Good news. They can be picky eaters. But not Angel, he will eat "anything!"


----------



## LittleGemma (Apr 1, 2012)

Jennmay said:


> Thats great.. Hope she likes it..


Me too. She currently eats Acana, but she poops so much on it and her poops are really stinky. I'm hoping that ZP will change that.



Angel1210 said:


> Good news. They can be picky eaters. But not Angel, he will eat "anything!"

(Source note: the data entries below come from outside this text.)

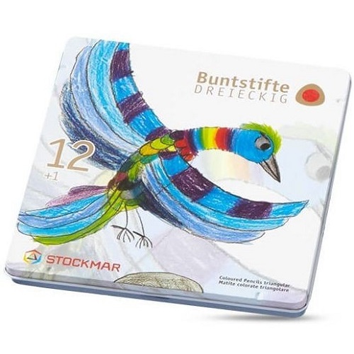 Novos lápis de cor gigantes da Stockmar. Triangulares, permitem às crianças pegar de maneira correcta nos lápis. As suas minas são grossas, com 6,25mm, e resistentes à água, e as cores são muito luminosas e têm uma grande concentração de pigmento. Macios e de fácil utilização, os lápis cobrem grandes superfícies com facilidade. A madeira de tília permite que sejam afiados muitas vezes sem lascar. Caixas de metal com 12, 18 ou 24 cores, e todas as caixas incluem um lápis de grafite extra.
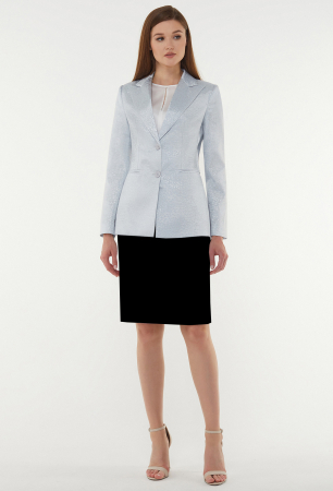 Стильный однобортный жакет полуприлегающего силуэта. Перед с глубоким V-образным вырезом горловины, с застёжкой на две петли-пуговицы и с двумя функциональными карманами с рамками. Рукава втачные двушовные с декоративными шлицами и отделочными пуговицами, на подкладке.
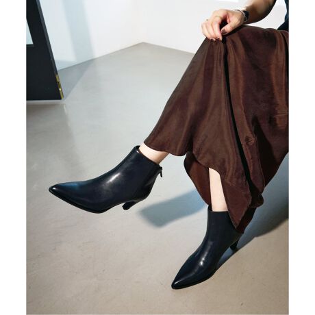 後ろ下がりにこだわったカッティングとセットバックヒールで、足元を綺麗に見せてくれるショートブーツ。
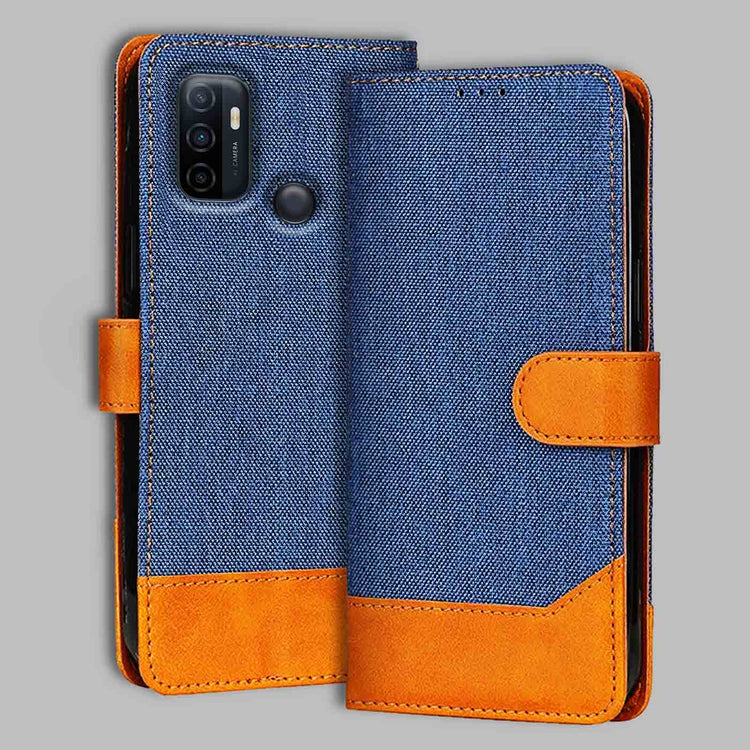 Upgrade your Oppo A53 with this stylish & durable denim and vegan leather flip cover!
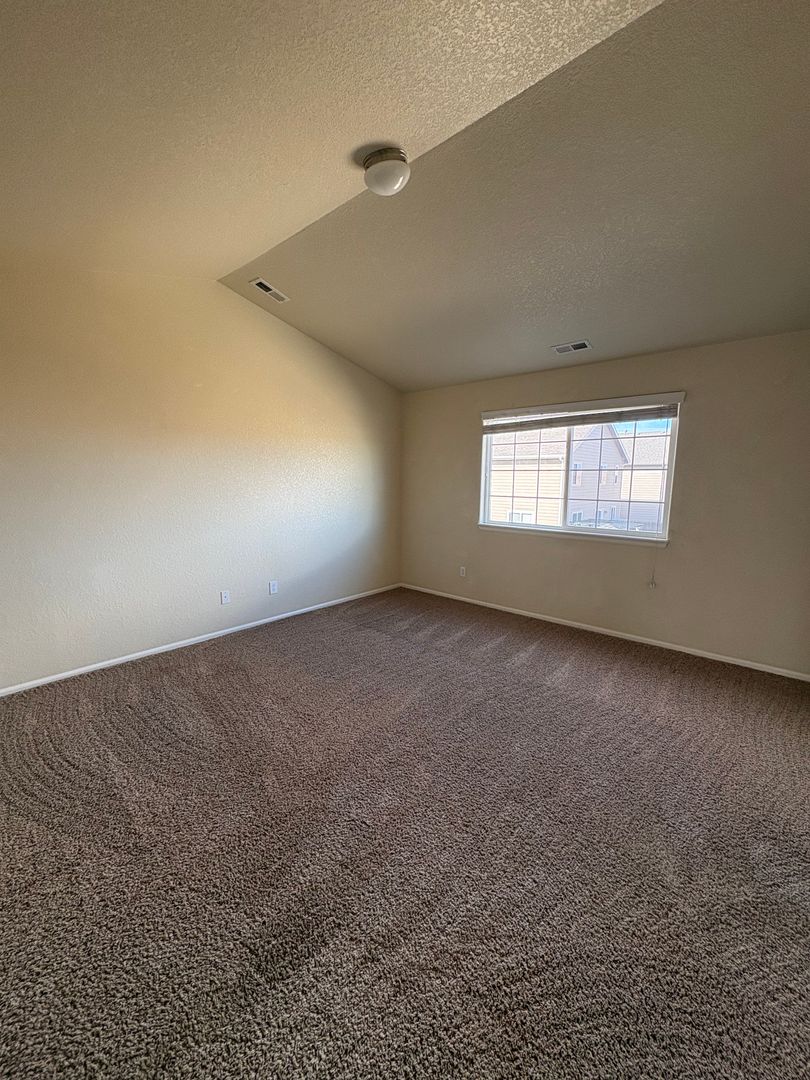 Minutes from Fort Carson, Peterson and Shriever Space Force bases, this 3 bedroom 2.5 bath townhome is a blend of thoughtful design and comfort. The main level features an open-concept floor plan with the living room, kitchen and dining room flowing seamlessly together. The sliding glass doors off of the dining area opens to a fenced patio area and leads to the detached garage. All three bedrooms and the laundry room are conveniently located on the upper level. The primary suite includes a walk-in closet and private bath, while two additional bedrooms share a hall bath. Located near parks, walking trails, and easy access to shopping, dining, and everyday amenities.
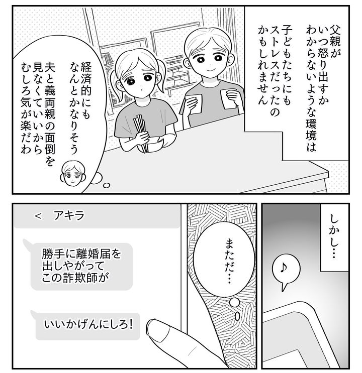 私は会社員のアカリ(35歳)。夫のアキラ(40歳)と結婚して息子(7歳)と娘(5歳)がいます。3年ほど前、義実家同居をはじめました。しかし夫はそれ以来、私に対してやたら威圧的な態度になり……。認知症がすすんだ義母の施設入居を検討すると言うと、夫は「介護をしないなら出ていけ」と離婚届を突きつけてきました。そんな理不尽なことを言うなら、お望みどおり出ていきます! 私は小さなアパートを借り、子どもたちとの新生活をスタートさせました。
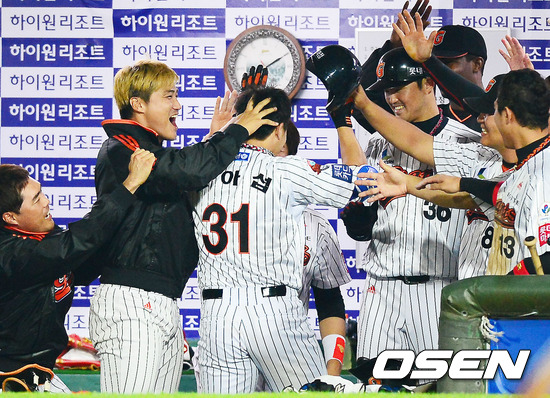1일 오후 사직구장에서 열린 '2012 팔도 프로야구' 롯데 자이언츠와 넥센 히어로즈의 경기에서 4회말 2사 주자없는 상황에서 롯데 손아섭이 중월 솔로 홈런을 날린 후 덕아웃으로 들어왔으나 선수들이 덕아웃에 가만히 앉아 있다가 갑자기 자리에서 일어나며 손아섭을 반기고 있다.

Gemma is the definition of a picky eater! She actually tries to hide from some of the "treats" I offer her, lol. She's a nut.


----------



## woodard2009 (Aug 4, 2010)

Why are they mailing it to the petstore instead of your home? Usually they'll mail it straight to your house!! ZiwiPeak is fantastic & very generous with their samples! I really love this food & Midgie does too!! If your chi doesn't like it, I would be very surprised!!


----------



## CHITheresa (Apr 30, 2011)

Amberleah the pickyist chi in the world loves ZP. I am sure your baby will too!!!


----------



## LittleGemma (Apr 1, 2012)

woodard2009 said:


> Why are they mailing it to the petstore instead of your home? Usually they'll mail it straight to your house!! ZiwiPeak is fantastic & very generous with their samples! I really love this food & Midgie does too!! If your chi doesn't like it, I would be very surprised!!


I'm honestly not sure why they do it that way here. It's coming from the big Swedish pet food distributor that carries ZP and other brands, so maybe they're sending it along with a standard shipment of other stock to the pet store.

She won't eat the ZP treats, so I wouldn't be surprised if she doesn't like the food. I hope so, though!



CHITheresa said:


> Amberleah the pickyist chi in the world loves ZP. I am sure your baby will too!!!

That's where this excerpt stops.